§ **Task goal**
A faithful copy of each record is required, minus the images.

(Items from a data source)
◇ ◇ ◇

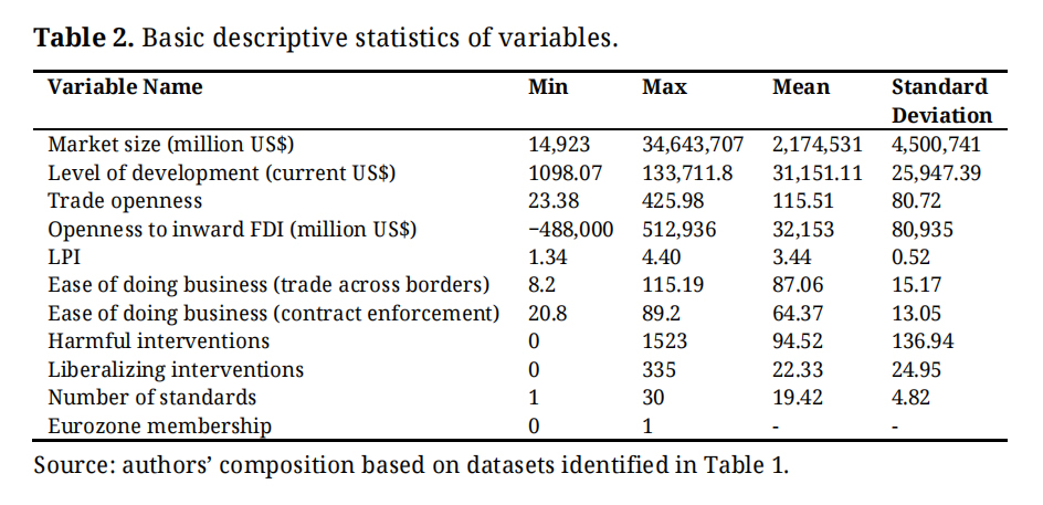 Table 2 presents the basic descriptive statistics for the variables used in the analysis, indicating the high level of diversity in the dataset. Standard deviations are quite high in general, suggesting that our database includes a wide diversity of cases from different countries.
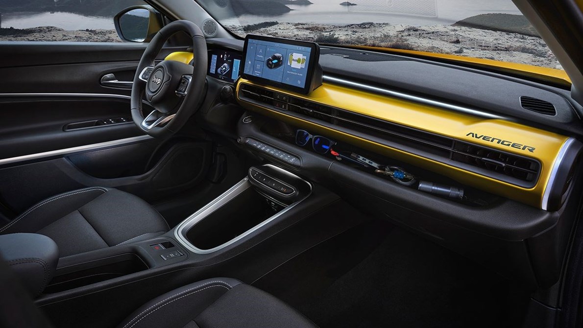 وتتمتع المقصورة الداخلية لـ "جيب أفينجر Jeep Avenger" بلمسات رقمية وتكنولوجية تتلائم مع التطور والكهربة.. فبالجلوس في مقعد السائق، يمكن ملاحظة لوحة العدادات الرقمية بقياس 7 أو 10.25 بوصة حسب الإصدار والفئة.
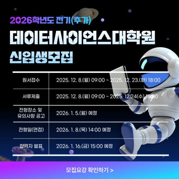 우리 데이터사이언스대학원은 인문사회·경제·자연과학·농업·예술·스포츠 등 다양한 분야의 전문 지식과 데이터 활용·분석 능력을 기반으로 4차 산업혁명시대가 요구하는 융복합 인재를 양성하고자 합니다.
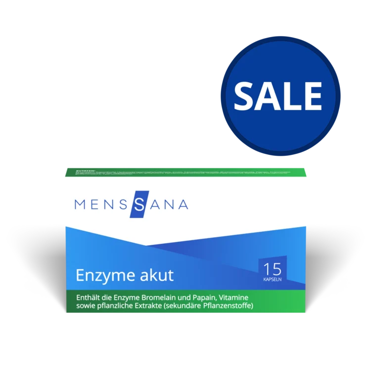 Unser Enzyme akut, die 5-Tages-Packung, versorgt dich optimal mit den pflanzlichen Enzymen Bromelain und Papain. Vitamin B6, B12, Folsäure für Immunsystem, B1 für Energie, B2 für Schleimhäute.
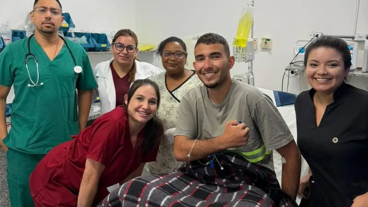 “O paciente está lúcido, apresenta sinais de desidratação leve, hematomas em membros inferiores e assaduras na região inguinal. Ele foi submetido à profilaxia medicamentosa e reidratação endovenosa”, informou a pasta.
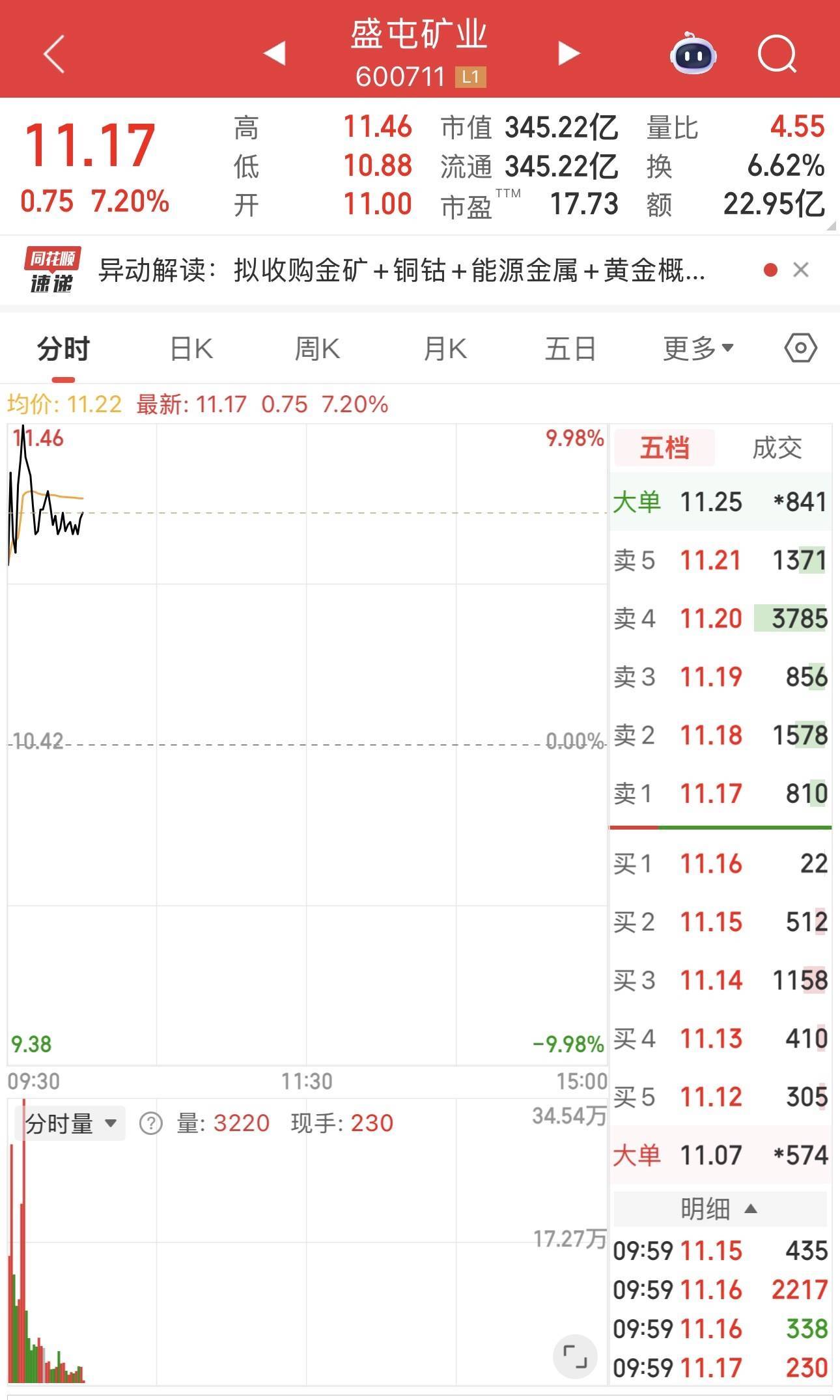 10月15日,盛屯矿业开盘即一路上攻,仅用5分钟便触及涨停,成交额迅速放大至16亿元。截至记者发稿,盛屯矿业价格虽有回落,但仍大涨超7%。而带动股价飙升的,是一份“买矿”的重磅公告。
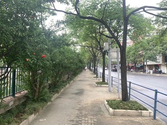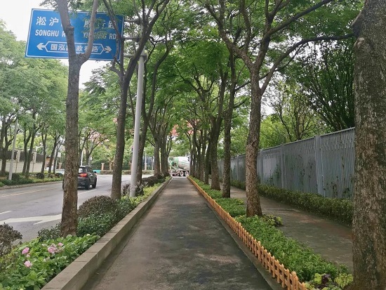 其中,清波路(政和路—江灣城路)全路段總長約為170米,行道樹品種為欒樹。
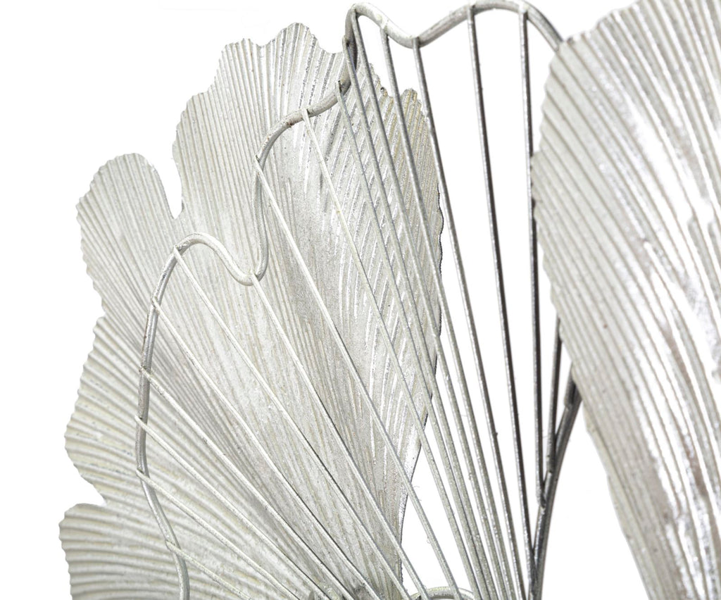 Silberne Metallplatte mit Blättern. 3D-Paneele sind der neue Trend für die Dekoration von Wänden. Lackiertes Metall ist in geometrischen, pflanzlichen oder tierischen Formen erhältlich, die jeder Umgebung einen glamourösen und überraschenden Reiz verleihen.
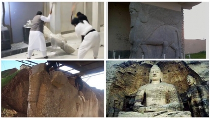 مقاتلون يحطمون تمثال هارون الرشيد بسورية
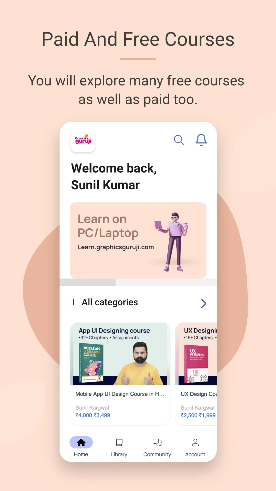 Start UI UX designing with Graphics Guruji. We have multiple courses: UX design course Mobile App UI designing course UX challenges course Fiverr learning course Enhance your designing skills. Our app integrates Zoom SDK to enable live classes and webinars, requiring the foreground service permission for seamless real-time interactions.

◇ ◇ ◇

§ **Response area**
 Table 2 presents the basic descriptive statistics for the variables used in the analysis, indicating the high level of diversity in the dataset. Standard deviations are quite high in general, suggesting that our database includes a wide diversity of cases from different countries.
 وتتمتع المقصورة الداخلية لـ "جيب أفينجر Jeep Avenger" بلمسات رقمية وتكنولوجية تتلائم مع التطور والكهربة.. فبالجلوس في مقعد السائق، يمكن ملاحظة لوحة العدادات الرقمية بقياس 7 أو 10.25 بوصة حسب الإصدار والفئة.
 우리 데이터사이언스대학원은 인문사회·경제·자연과학·농업·예술·스포츠 등 다양한 분야의 전문 지식과 데이터 활용·분석 능력을 기반으로 4차 산업혁명시대가 요구하는 융복합 인재를 양성하고자 합니다.
 Unser Enzyme akut, die 5-Tages-Packung, versorgt dich optimal mit den pflanzlichen Enzymen Bromelain und Papain. Vitamin B6, B12, Folsäure für Immunsystem, B1 für Energie, B2 für Schleimhäute.
 “O paciente está lúcido, apresenta sinais de desidratação leve, hematomas em membros inferiores e assaduras na região inguinal. Ele foi submetido à profilaxia medicamentosa e reidratação endovenosa”, informou a pasta.
 10月15日,盛屯矿业开盘即一路上攻,仅用5分钟便触及涨停,成交额迅速放大至16亿元。截至记者发稿,盛屯矿业价格虽有回落,但仍大涨超7%。而带动股价飙升的,是一份“买矿”的重磅公告。
 其中,清波路(政和路—江灣城路)全路段總長約為170米,行道樹品種為欒樹。
 Silberne Metallplatte mit Blättern. 3D-Paneele sind der neue Trend für die Dekoration von Wänden. Lackiertes Metall ist in geometrischen, pflanzlichen oder tierischen Formen erhältlich, die jeder Umgebung einen glamourösen und überraschenden Reiz verleihen.
 مقاتلون يحطمون تمثال هارون الرشيد بسورية
 Start UI UX designing with Graphics Guruji. We have multiple courses: UX design course Mobile App UI designing course UX challenges course Fiverr learning course Enhance your designing skills. Our app integrates Zoom SDK to enable live classes and webinars, requiring the foreground service permission for seamless real-time interactions.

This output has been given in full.